Meşhur “Doomsday Clock” bülteni 23 Ocak’ta atom bilimcileri tarafından gezegenin yakın tehlikesini yansıtacak şekilde güncellendi ve yapay zeka alanı da dahil olmak üzere bir dizi faktör nedeniyle gece yarısından sadece 90 saniye sonrasına ayarlandı. Saat, gezegene ve insanlığa yönelik nükleer tehditler, iklim değişikliği ve yıkıcı teknolojileri de içeren varoluşsal risklere göre ayarlandı.
Yapay Zekaya Yönelik Endişeler Neler?
Bülten, 1945 yılında aralarında Albert Einstein ve J. Robert Oppenheimer’ın da bulunduğu bilim insanları tarafından kuruldu. Yapay zeka, 2023’te ana akım topluma patlayıcı bir şekilde girmesinin ardından yeni bir endişe kaynağı olarak eklendi. Doomsday Clock’u yayınlayan bilimsel dergi The Bulletin, teknolojiyi yıkıcı teknoloji alanındaki en önemli gelişme olarak nitelendirdi:
“Yapay zekanın paradigmatik bir yıkıcı teknoloji olduğu açık. Yapay zeka tarafından ortaya konan herhangi bir fiziksel tehdit, fiziksel dünyanın durumunu değiştirebilen cihazlara bir bağlantı ile etkinleştirilmeli.”

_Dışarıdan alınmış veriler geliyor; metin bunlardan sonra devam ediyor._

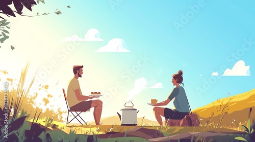 Two people enjoying a serene outdoor picnic with a kettle, under a bright sky.
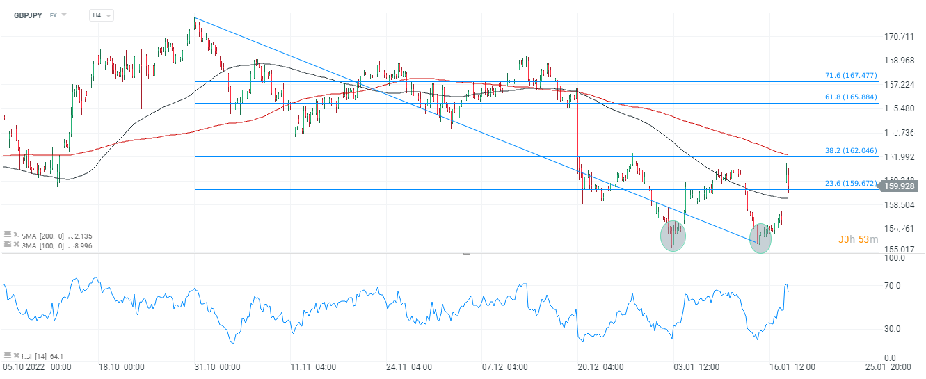 Wykres GBPJPY, interwał H4. Patrząc na wykres widzimy osłabienie jena, cena wybiła byczą formację podwójnego dna w okolicach 155 - 156 pkt. Ruch w górę osłabł i obecnie widzimy korektę, która zatrzymała się w okolicach 23,6 zniesienia Fibonacciego skąd potencjalnie może zostać uruchomiony kolejny impuls wzrostowy w kierunku 162 pkt. To na tych poziomach przebiega SMA200 (czerwona linia), która zbiega się z 38,2 zniesieniem Fibo fali spadkowej rozpoczętej w październiku. Poziomy te mogą stanowić kolejny opór dla byków. Źródło: xStation5
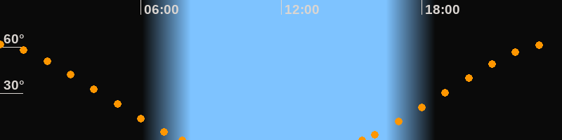 Höchster Stand (Kulmination)23:34 Uhr (h = 62.1°)
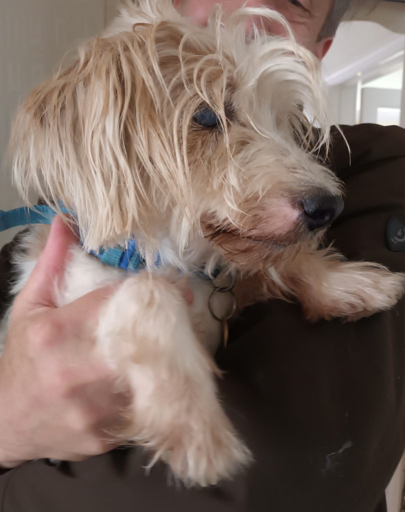 Hi from me – Harry. Very pleased to be one of Aireworth’s long term foster pooches. I am one special little fella -I enjoy a comfy sofa and good food and my walks, though I do have some issues and I need to do things in my time and at my level or I can be a bit snappy. I needed a very patient and committed foster Dad -thank goodness the team found me one and helped with some advice to manage my little quirks and foibles. Thank you so much guys
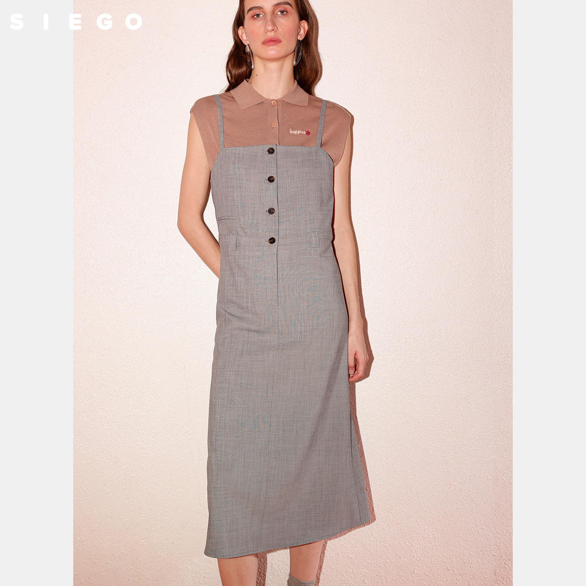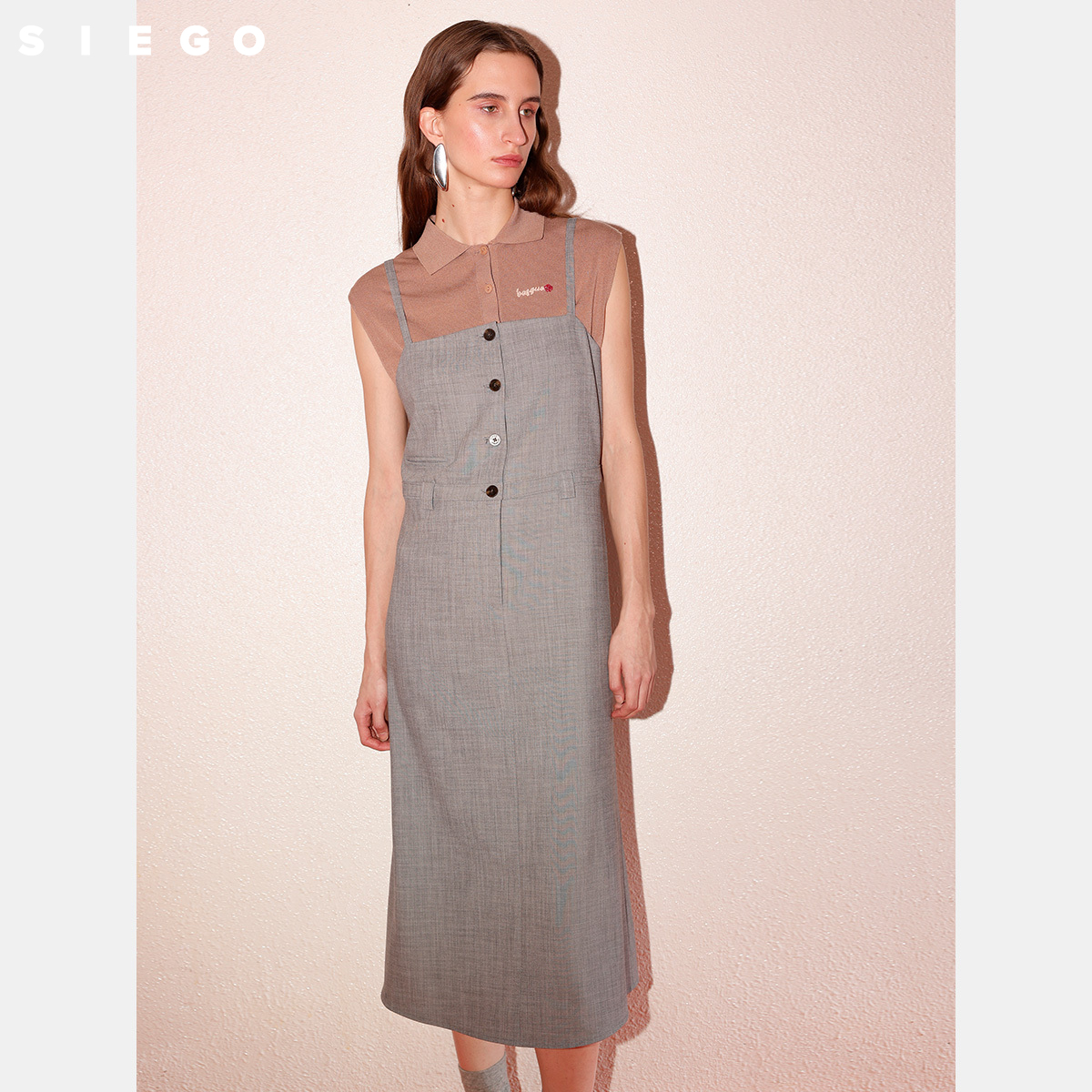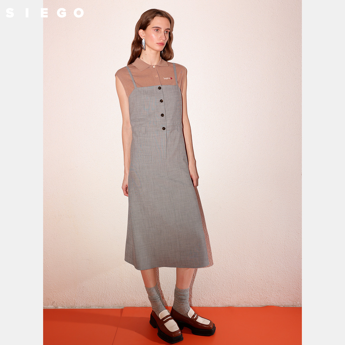Siego西蔻狮鹭灰学院风背带褶皱下摆连衣裙64533610

Raporda, yapay zeka alanının dünyanın diğer acil tehditlerle başa çıkmasını engellemede potansiyel olarak önemli bir faktör olduğu ve yapay zekanın askeri ve bilgi operasyonları tarafından giderek daha fazla kullanıldığı belirtiliyor. Makale, birçok ülkenin endişelerin farkına varmaya başladığına ve teknolojinin zararlı etkilerini düzenlemek ve en aza indirmek için adımlar atmaya başladığına dikkat çekiyor.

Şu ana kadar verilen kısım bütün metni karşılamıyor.